Man merkt, es geht Chávez nicht schnell genug, und deswegen will er auch immer wieder gewählt werden können, damit er sein Projekt ab 2012 weiterführen kann. Er will das Tempo forcieren, aber die Frage ist, ob ihm das gelingt. Es ist unklar, ob er genug qualifizierte Leute hat und ob ihm seine Basis folgen wird - oder was passiert, wenn es langsamer vorangeht oder es ganz zum Stillstand kommt.

Droht nach einem Sieg der Weg in eine Diktatur?

Die Möglichkeit besteht, denn Chávez hätte dann in vielen Bereichen die absolute Verfügungs- und Ernennungsfreiheit. Die Machtbefugnisse verschieben sich von den gewählten Gouverneuren zu den ernannten Vizepräsidenten für die neuen Regionen, in denen die Bundesstaaten zusammengefasst werden. Wer wird die Ausführungsbestimmungen formulieren? Da sind Konflikte vorprogrammiert, auch zwischen den Gemeinderäten und anderen Instanzen. Viele Leute aus seiner Umgebung sind nicht ehrlich bei der Umsetzung der Ziele, die verteilen das Ölgeld wie eh und je.

Welche Art von Sozialismus schwebt Chávez vor?

Er redet viel von Kooperativen, die er zu fördern versucht. Chávez will die landwirtschaftliche und industrielle Entwicklung durch die staatliche Finanzierung von Basisprojekten voranbringen. Es gibt auch Staatsbetriebe, aber wie die funktionieren, wird selten klar.

Ist diese "nach innen gerichteten Entwicklung" denn ökonomisch effektiv?

Nein, die Ergebnisse sind bescheiden. Statt weniger werden immer mehr Lebensmittel importiert. Viele Zuständige in den Ministerien sind ungeeignet für ihre Jobs. Venezuela ist ja immer noch vom Rentenkapitalismus geprägt, von den Einnahmen aus dem Ölexport.
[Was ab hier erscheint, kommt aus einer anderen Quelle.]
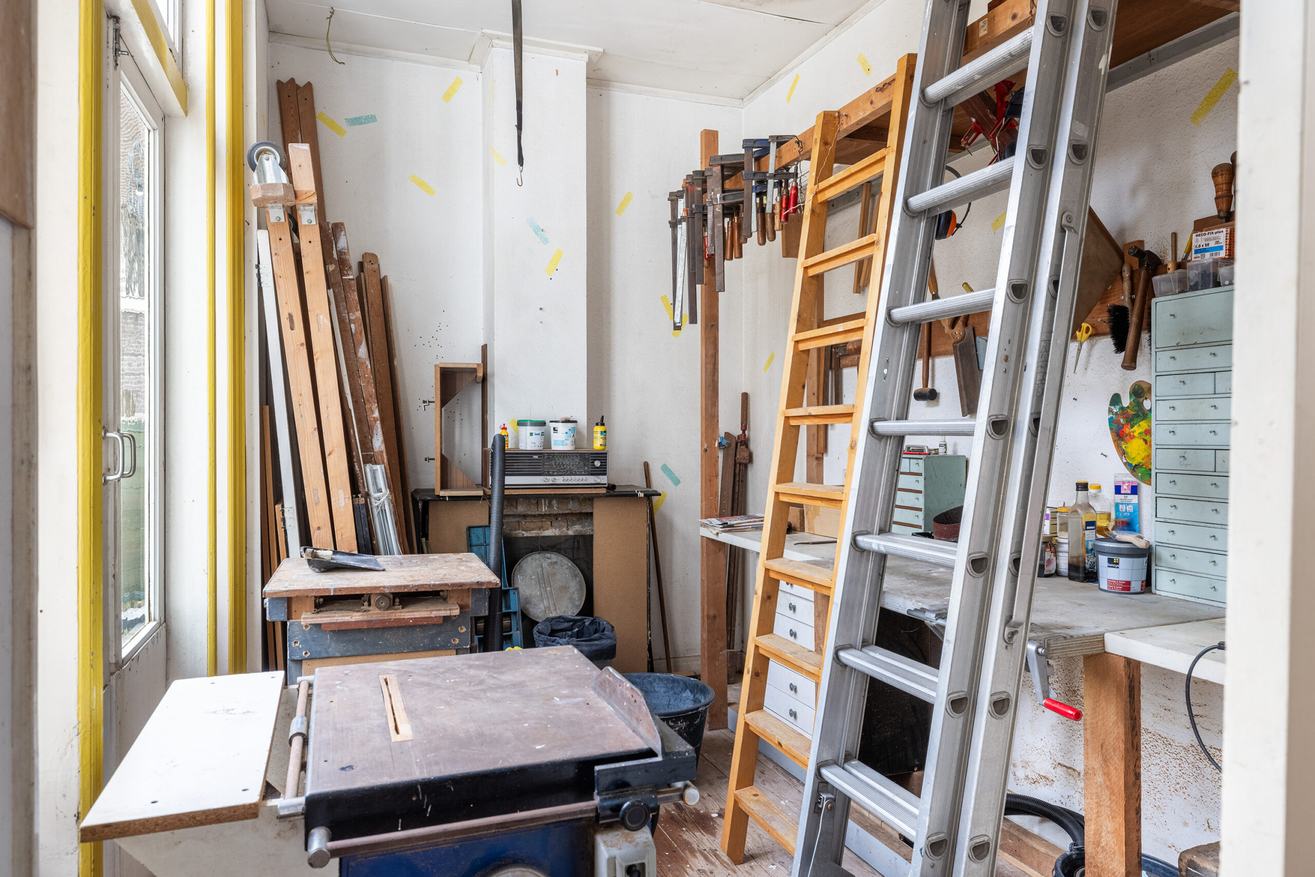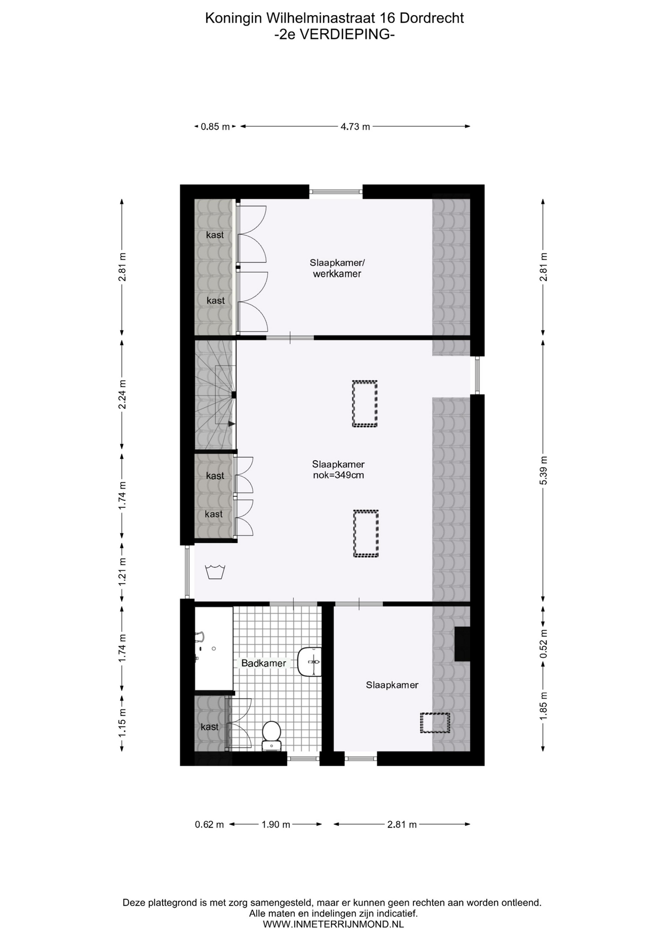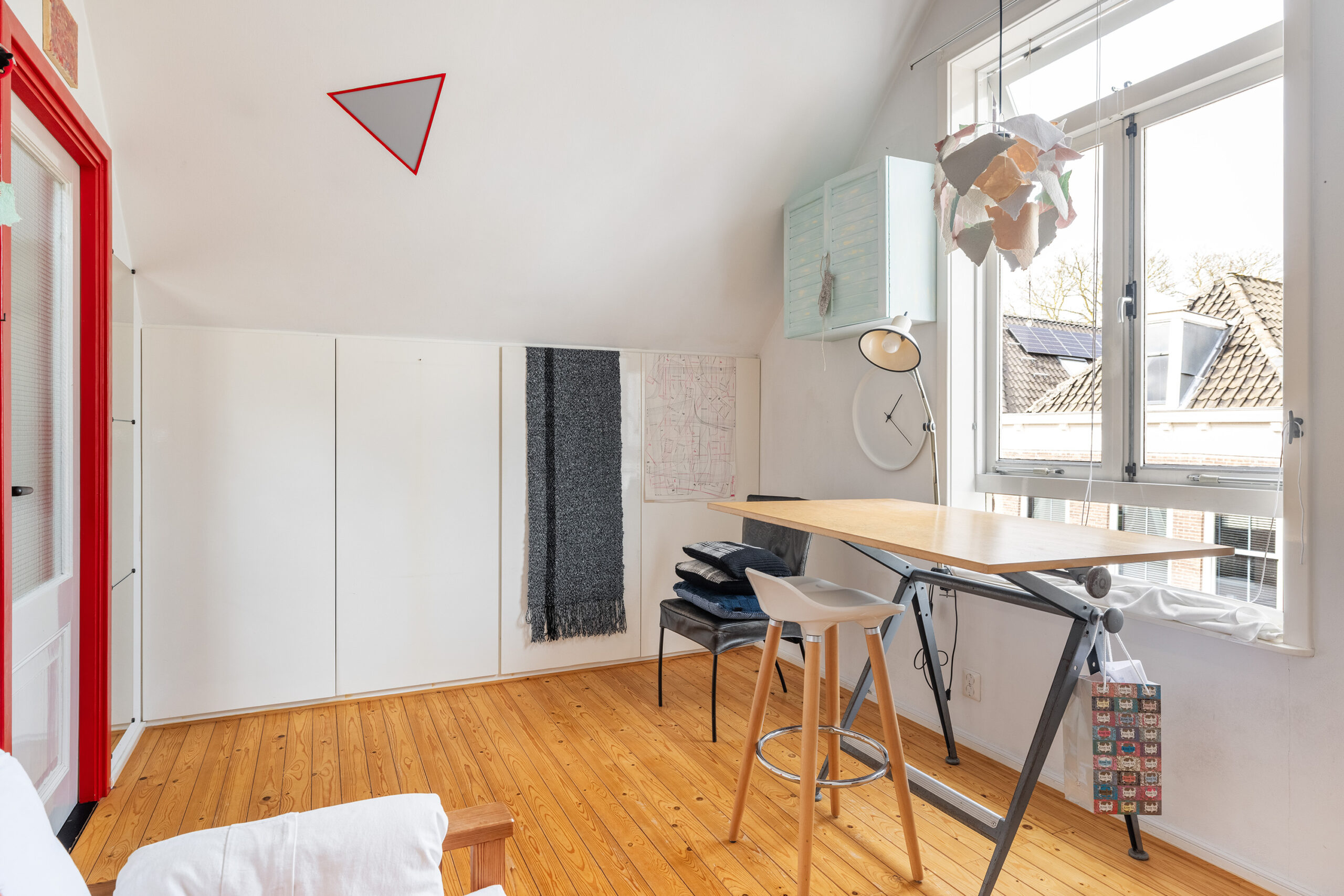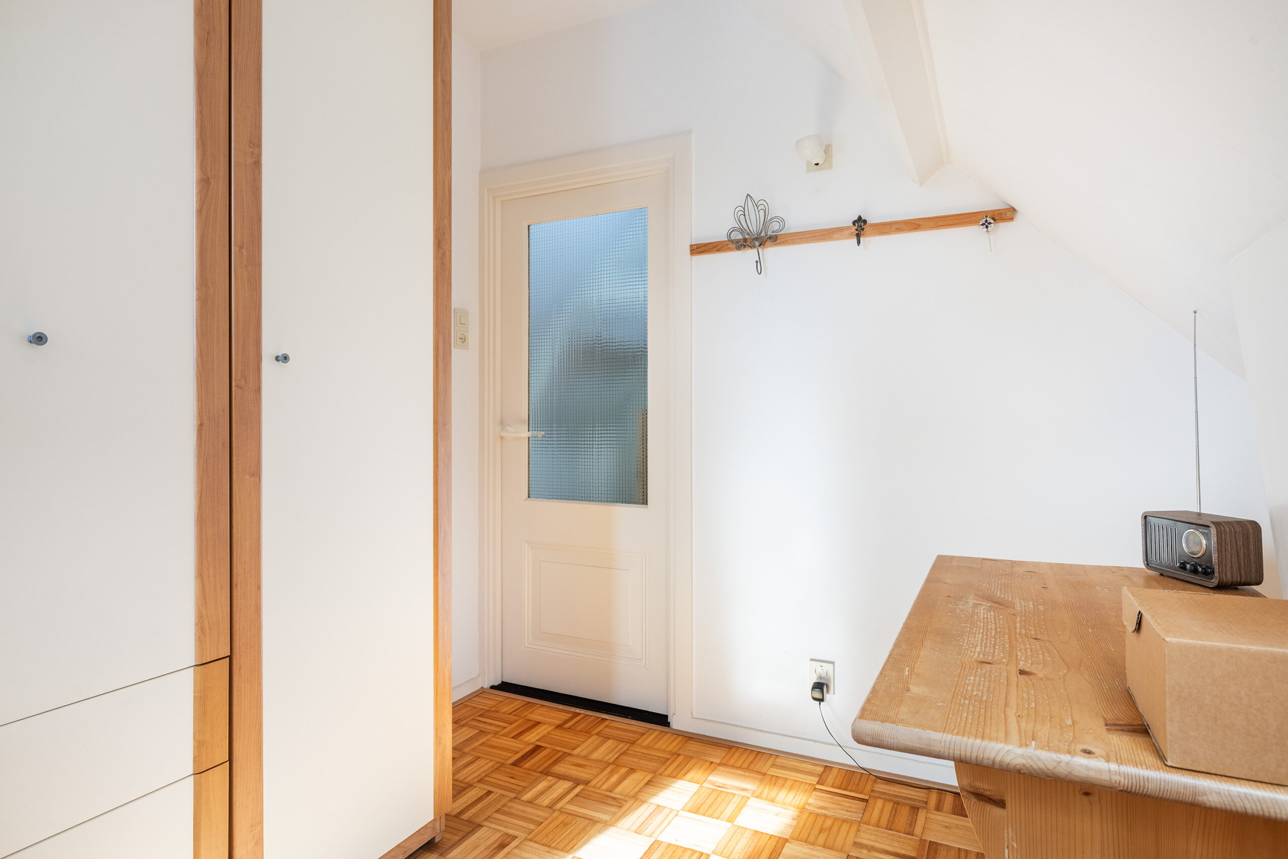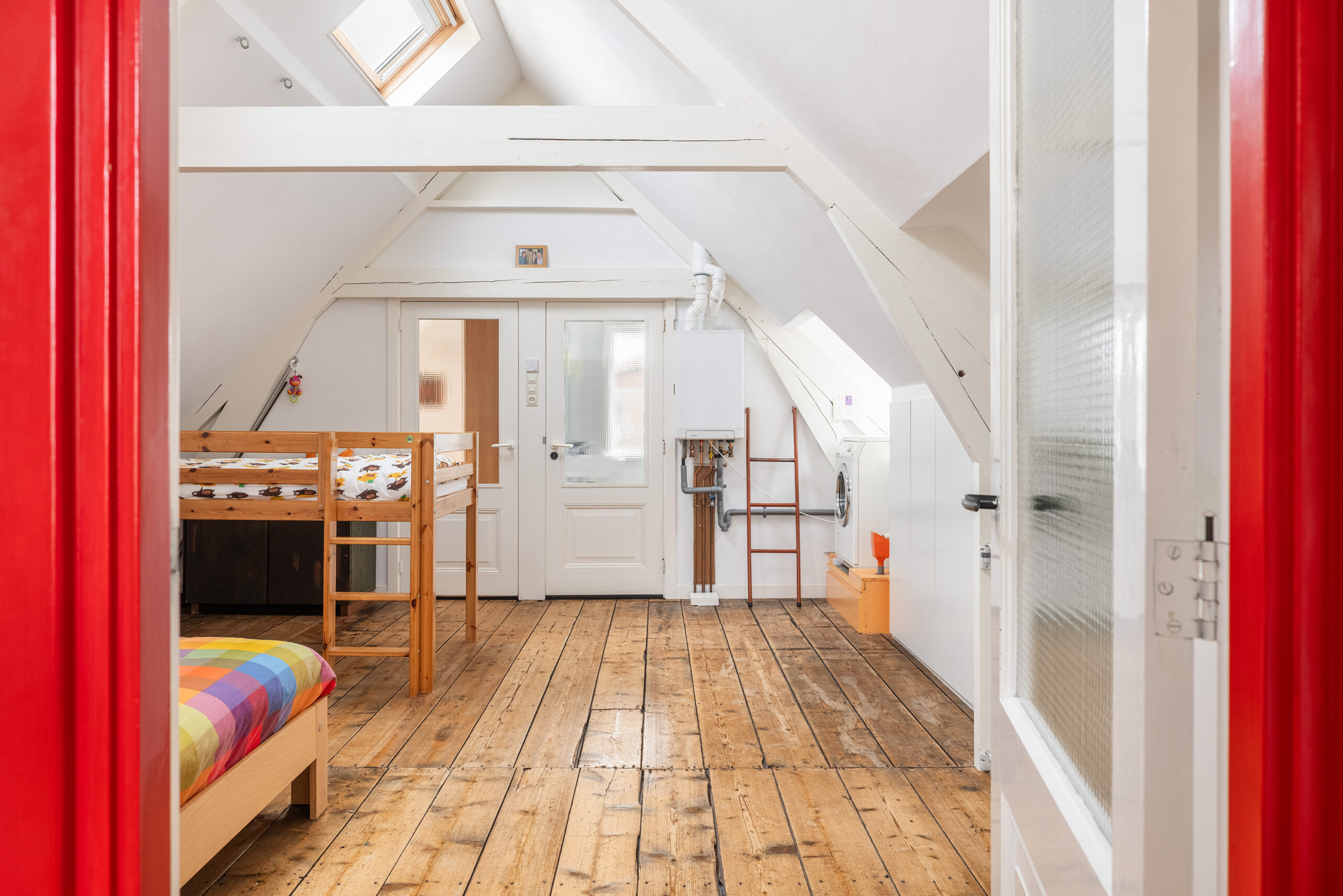 Slaapkamer 3 (midden) met dakramen, vaste kasten en aansluiting voor de wasmachine.

Es ist schwierig, diese Mentalität zu ändern.

Und der Geldsegen aus dem Ölgeschäft befördert noch immer die Korruption?

Ja, es bildet sich eine neue Staatsklasse heraus, die sich schamlos bereichert, Gouverneure, aber auch Militärs. Die Vetternwirtschaft von Christ- und Sozialdemokraten ist von der der "Boli-Bourgeoisie" abgelöst worden. Die neuen Leute haben Gleichgesinnte eingestellt, bei Ausschreibungen spielt Sachkenntnis oft nur eine untergeordnete Rolle. Andererseits ist es beispielsweise bei PDVSA immer noch ein Problem, dass es Angestellte gibt, die gegen die Politik des Konzerns arbeiten.

Chávez geißelt ja gelegentlich Korruption und übermäßige Bürokratie. Hat das Folgen?

Selten. Manchmal werden Leute abgesetzt, aber meistens gehen sie straflos aus.